Der Führer hatte es nicht getan, Adenauer tat es nicht mehr und von Ludwig Erhard wußte man es nicht so genau: Das, was in dunklen Schlafzimmern geschah, das worüber man nicht sprach in den Fünfziger Jahren der Bundesrepublik, das mit der Sexualität. Und weil das so war, weil Menschen noch in den Sechzigern wegen Kuppelei verurteilt wurden, wenn Leute unter 21 "es" unter ihrem Dach machten, weil das ganze Land eine prüde Anstalt zur Unterdrückung der Triebe war, mussten sich die damals Jungen empören. Mädels zeigten ihren blanken Busen, eine ganze Kommune zeigte, schrecklich kommunistisch, ihre nackten Hintern, das F-Wort kam in den täglichen Gebrauch und die Revolution brach aus. Beinahe. Bis heute messen viele der 68er Generation deshalb dem Sex und dem Darüber-Reden eine große Bedeutung zu. Ekkes Frank, der Autor von "Störungen" gehört dazu.
Zwei Freunde, heute über sechzig, finden sich, verlieren sich, bleiben Freunde ein Leben lang, werden in "Störungen" zu Mustern der Entwicklung im alten Westdeutschland. Tobias, der Gelegenheitsschauspieler, der Frauenwechsler und Ex-Student der Philosophie, hat Erektionsstörungen und ahnt in ihnen den kommenden Tod.
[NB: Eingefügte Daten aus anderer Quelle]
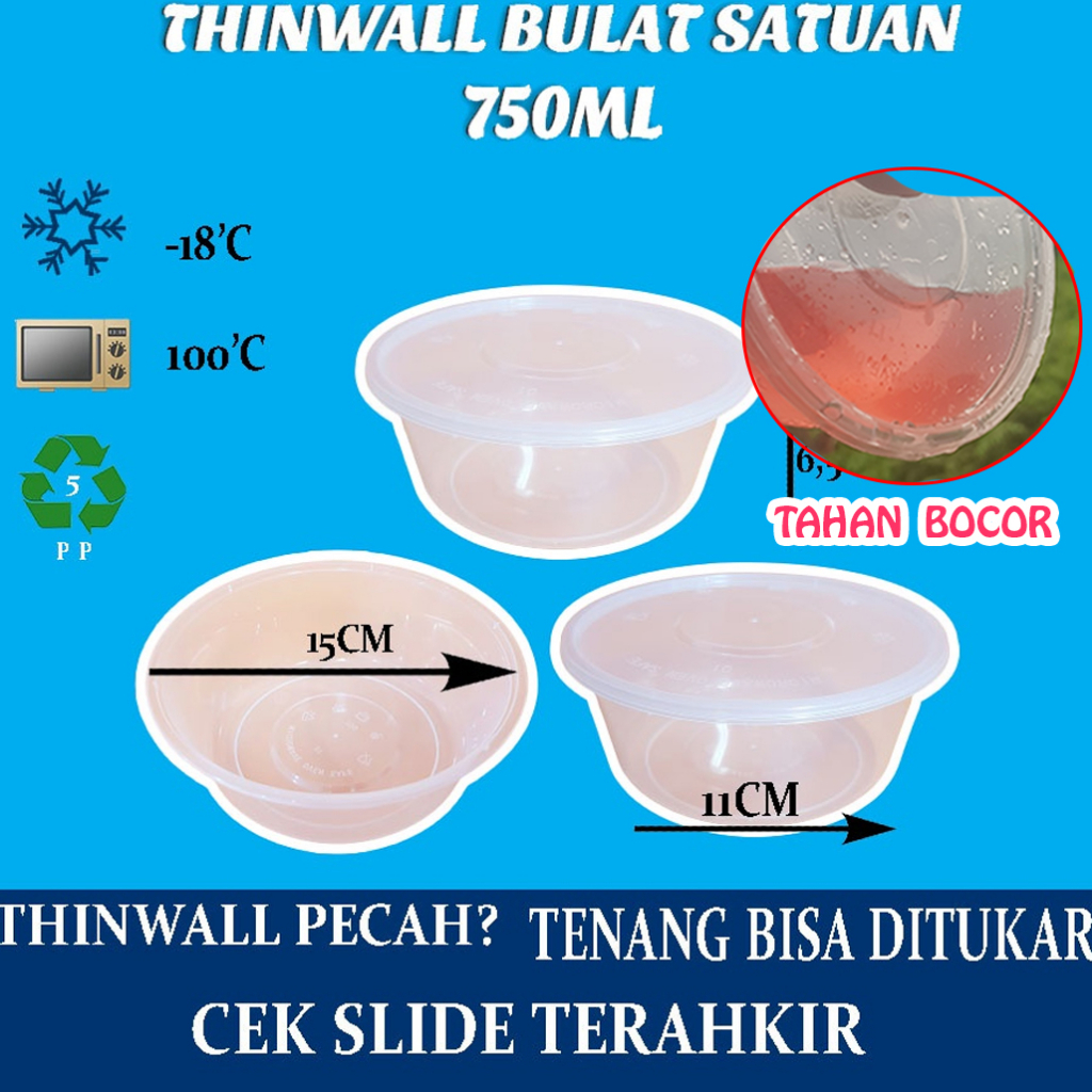 TAMBAHKAN BUBBLE UNTUK PACKING LEBIH AMAN - Thinwall Kotak 650ml / Food Container Box / Tempat Kotak Makan Plastik Murah - Keunggulan: - Bahan PP (Polypropylene) Berkualitas - Tahan Freezer dan Microwave Oven - Anti Tumpah - Langsung Pabrik - Ukuran: 15 x 12 x 5.5cm

Sein Schulfreund Georg, einer der beim Frauenwechseln immer auch lieben muss, lebt in der dritten, scheinbar festen Beziehung. Die Verstörung des Schriftstellers liegt im Kinderwunsch der Momentanen, mit der er schon alt werden wollte, aber nicht so plötzlich, Vater und Opa in einem. Es ist die Late-Life-Crisis, von der die beiden ergriffen sind. Und von ihren Befindlichkeiten lebt das Buch. Zugleich legt es einen Bypass in die Politik. Selten für Befindlichkeitsbücher, legt es sich hie und da mit der aktuellen Einheitsrepublik an und schaut zurück auf die Zeit der Politisierung.
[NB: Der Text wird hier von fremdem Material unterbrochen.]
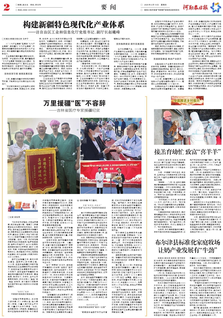 - 万里援疆“医”不容辞 □记者 胡俊秀 习近平总书记指出,没有全民健康,就没有全面小康。强调了人民健康在社会发展中的优先地位。新年伊始,吉林省卫生健康委员会援疆干部,

Es gibt drei Kategorien von 68er-Erinnerungsbüchern. Da sind zum einen die Abschwörer und Bereuer. Zwar war sie ganz spannend, ihre Jugend, aber auch schrecklich. Was haben wir alles Schlimmes getan?! Längst sitzen sie im Speck der Angepassten und blenden aus, dass die andere Seite, die den Vietnamkrieg unterstützte, die das Berufsverbot anwandte und die Medienlüge als Keule nutzte, auch nicht zimperlich war. Die Zweiten, das sind die alten Kämpfer, die jede Fahne auf der Barrikade von damals erzählen können und denen heute der Lehnstuhl zur Kanzel ihrer sich wiederholenden Brandreden geworden ist: DAMALS! Und dann gibt es noch solche wie den Ekkes Frank, der die Vielfalt der alten, zuweilen fortdauernden Mühen der Emanzipation aus 68 kennt, dem die Gewerkschaften nicht fremd sind und fremd nicht die Friedensbewegung, die Notstandsgesetze und, nota bene, die Sexualität. Sogar die DKP, die westdeutsche kommunistische Partei, taucht in seinem Buch auf, als ziemliche Normalität und nicht als ausgebrochenes Ungeheuer aus den kalten Tiefen des Dogmas.
"Gewalt gegen Sachen," sagt Annemie, die Temporäre von Georg, "waren für euch damals akzeptabel". Und ihr DAMALS steht auf zwanzig Jahre jüngeren Füssen wenn sie fragt: "Aber - was hat es gebracht, das alles?" Weil für Annemie alles was bringen muss, geht Georg einen bürgerlichen Gelderwerb an. Das wird böse enden. Die Beziehung zerbricht. Auch mit Tobias geht es zu Ende, der Lungenkrebs rafft ihn dahin. Georg hat sich aus dem Endzeitstrudel längst in Richtung Italien gelöst. In den Marken findet er mit dem Geld der verstorbenen Eltern sein Haus und so erreicht die Erbengeneration ihre finale Bestimmung: "Was er nie für denkbar gehalten hatte, jetzt würde es beginnen: ein Leben auf dem Land", lässt Ekkes Frank den Georg sagen und noch einmal rauscht der Sexus in den Pinien auf, um dem Ende eine furiose Inszenierung zu spenden. Es ist vollbracht, die Leiden des alten G. enden hier. Und Annemies Frage findet leider keine Antwort.